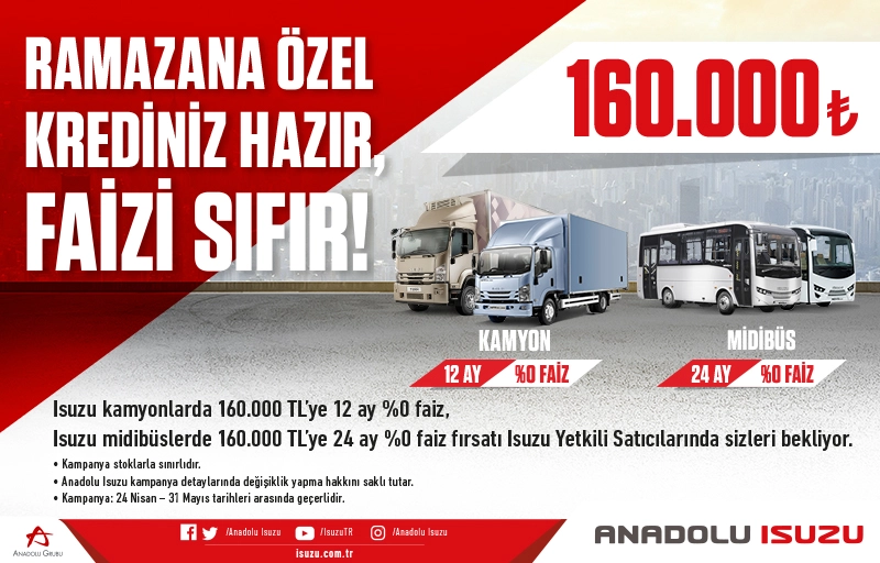 Türkiye’nin en yaygın ticari araç satış ve servis ağına sahip olan Anadolu Isuzu, ticari araç almak isteyen müşterilerine Ramazan ayına özel avantajlı faiz kampanyası sunuyor. Kampanya kapsamında kamyon grubunda 12 ay vadeye %0 faiz oranı ve midibüs grubunda 24 ay vadeye %0 faiz ile araç satın almak mümkün.
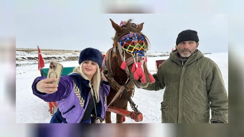 Ardahan ile Kars arasında kalan Çıldır Gölü'nün donmasıyla birlikte yerli ve yabancı turistler gölü gezmeye çıktı.
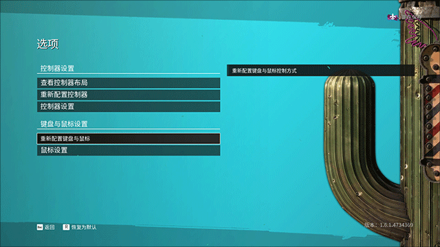 3、在控制界面的“键盘与设置”一栏中选择并点击“重新配置键盘与鼠标”的按钮选项;
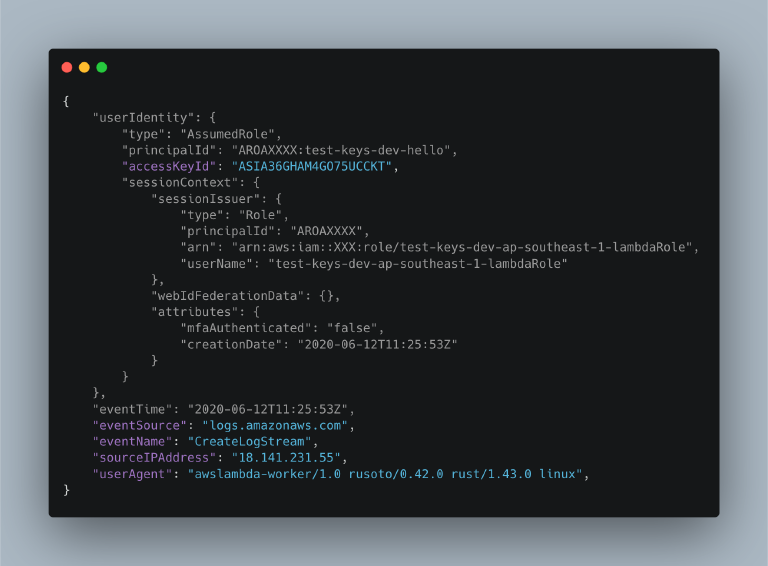 The next event for this function is logs:CreateLogStream, which is executed from the lambda container using the newly minted access keys (from AssumeRole). Notice here we have an actual sourceIPAddress field and userAgent, but more importantly, we can see that the userIdentity.accessKeyId matches the key id from the previous event. Here's the event:
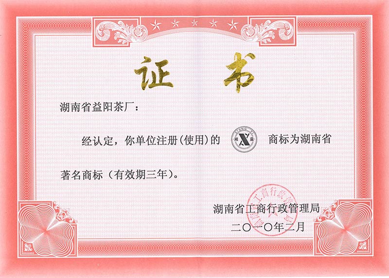 著名商标证书
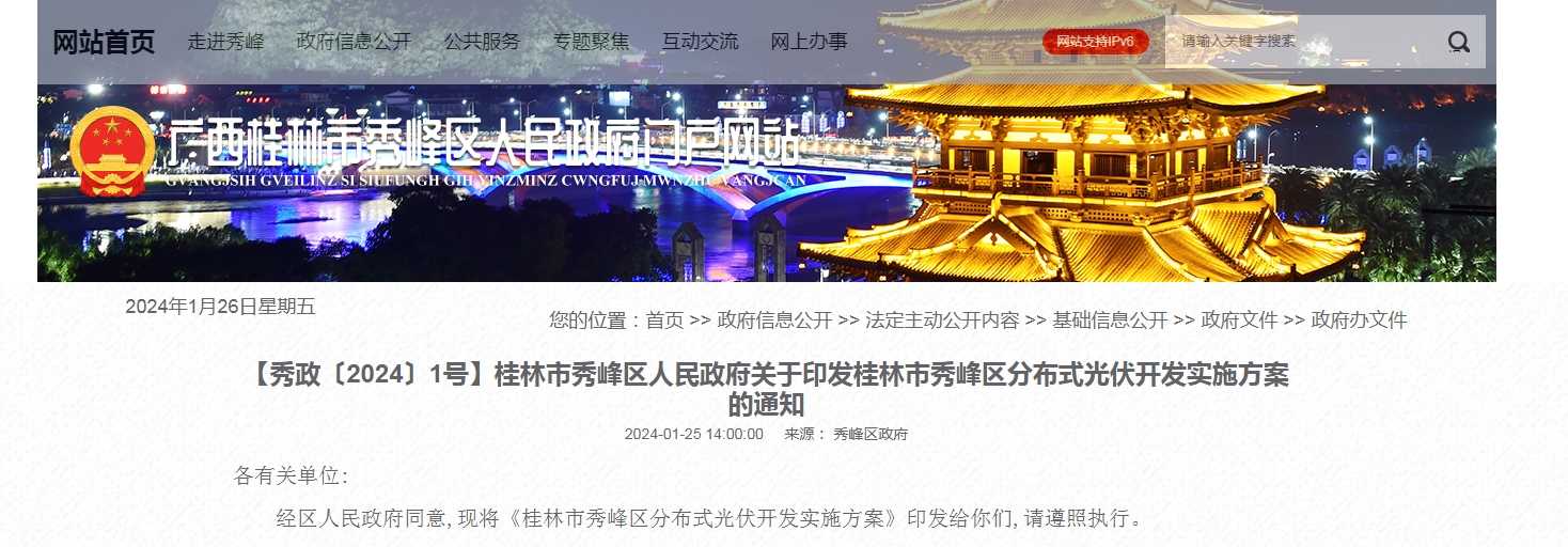 廣西桂林市秀峰區(qū)分布式光伏開發(fā)實(shí)施方案
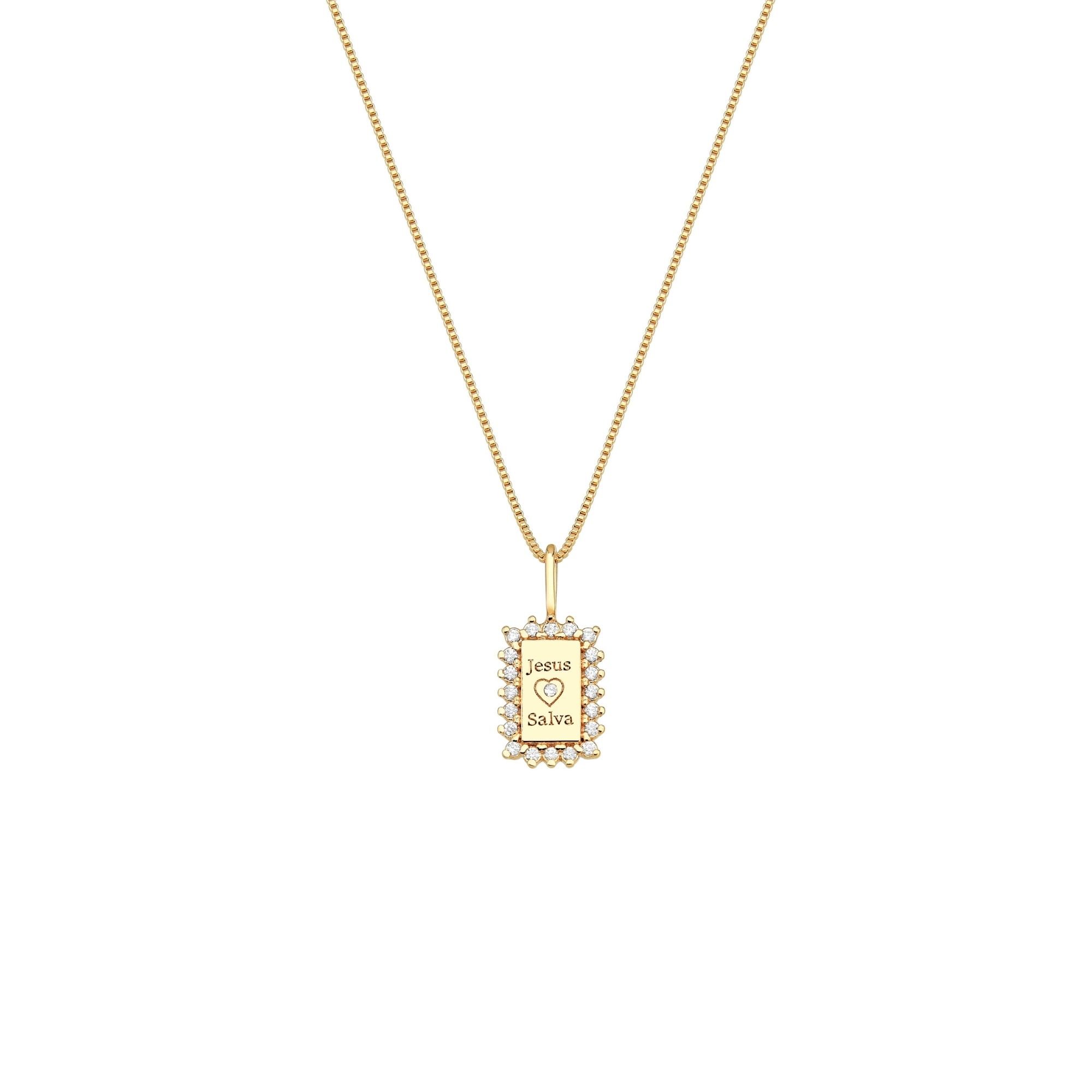 Colar Religioso Retangular Cravejado Banhado a Ouro 18K O Colar Religioso Retangular Cravejado é uma joia que expressa fé com elegância. Com um pingente retangular ricamente cravejado por zircônias e detalhes que ressaltam o símbolo sagrado em alto-relevo, ele transmite delicadeza e significado em cada detalhe. Banhado a ouro 18K, oferece brilho e sofisticação atemporais, sendo ideal para quem busca um acessório marcante e cheio de propósito. Sua corrente fina e delicada complementa o visual com sutileza e leveza.
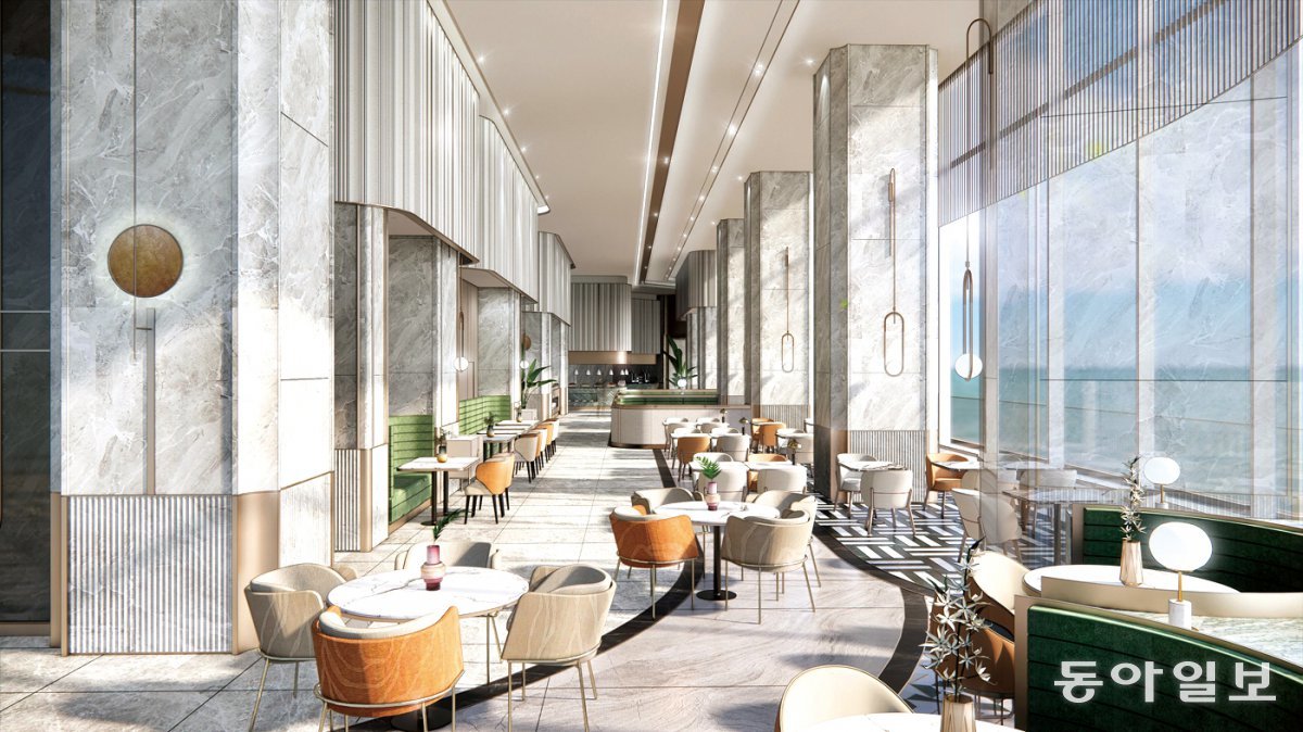 리스토란테 셰프스 키친.호텔 객실은 단층, 복층, 루프탑, 개별 풀, 펫 프렌들리(반려동물 친화)를 비롯한 16개 타입으로 이뤄졌다. 침대 소파 같은 가구는 반짝이는 잔물결처럼 모서리가 부드럽게 휘어져 안정감을 준다. 실내 색조도 바다색이 가미돼 청정한 느낌을 풍긴다.
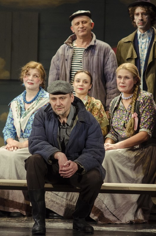 Віталій Линецький, Володимир Горянський, Леся Самаєва, Михайло Кукуюк, інші герої лівобережного театру наряджені в куфайки або трохи недоладну (часто не за розміром) сільську одіж. Ніби підморгуючи глядачеві, вони приговорюють із традиційним для російських лісів-рівнин йоканням-оканням. І, сидячи на сільській лавці, з головою занурившись у свої образи, готові переробити мішок насіння, лузаючи його невтомно, а потім спльовуючи лушпиння прямо в зал (щоб зруйнувати "четверту стіну").
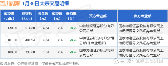 证券之星消息,1月30日百川能源发生大宗交易,交易数据如下:

______________________________

== Your task ==
Omit the pictures and reproduce the listing exactly.

== Output for this exercise ==
 Türkiye’nin en yaygın ticari araç satış ve servis ağına sahip olan Anadolu Isuzu, ticari araç almak isteyen müşterilerine Ramazan ayına özel avantajlı faiz kampanyası sunuyor. Kampanya kapsamında kamyon grubunda 12 ay vadeye %0 faiz oranı ve midibüs grubunda 24 ay vadeye %0 faiz ile araç satın almak mümkün.
 Ardahan ile Kars arasında kalan Çıldır Gölü'nün donmasıyla birlikte yerli ve yabancı turistler gölü gezmeye çıktı.
 3、在控制界面的“键盘与设置”一栏中选择并点击“重新配置键盘与鼠标”的按钮选项;
 The next event for this function is logs:CreateLogStream, which is executed from the lambda container using the newly minted access keys (from AssumeRole). Notice here we have an actual sourceIPAddress field and userAgent, but more importantly, we can see that the userIdentity.accessKeyId matches the key id from the previous event. Here's the event:
 著名商标证书
 廣西桂林市秀峰區(qū)分布式光伏開發(fā)實(shí)施方案
 Colar Religioso Retangular Cravejado Banhado a Ouro 18K O Colar Religioso Retangular Cravejado é uma joia que expressa fé com elegância. Com um pingente retangular ricamente cravejado por zircônias e detalhes que ressaltam o símbolo sagrado em alto-relevo, ele transmite delicadeza e significado em cada detalhe. Banhado a ouro 18K, oferece brilho e sofisticação atemporais, sendo ideal para quem busca um acessório marcante e cheio de propósito. Sua corrente fina e delicada complementa o visual com sutileza e leveza.
 리스토란테 셰프스 키친.호텔 객실은 단층, 복층, 루프탑, 개별 풀, 펫 프렌들리(반려동물 친화)를 비롯한 16개 타입으로 이뤄졌다. 침대 소파 같은 가구는 반짝이는 잔물결처럼 모서리가 부드럽게 휘어져 안정감을 준다. 실내 색조도 바다색이 가미돼 청정한 느낌을 풍긴다.
 Віталій Линецький, Володимир Горянський, Леся Самаєва, Михайло Кукуюк, інші герої лівобережного театру наряджені в куфайки або трохи недоладну (часто не за розміром) сільську одіж. Ніби підморгуючи глядачеві, вони приговорюють із традиційним для російських лісів-рівнин йоканням-оканням. І, сидячи на сільській лавці, з головою занурившись у свої образи, готові переробити мішок насіння, лузаючи його невтомно, а потім спльовуючи лушпиння прямо в зал (щоб зруйнувати "четверту стіну").
 证券之星消息,1月30日百川能源发生大宗交易,交易数据如下:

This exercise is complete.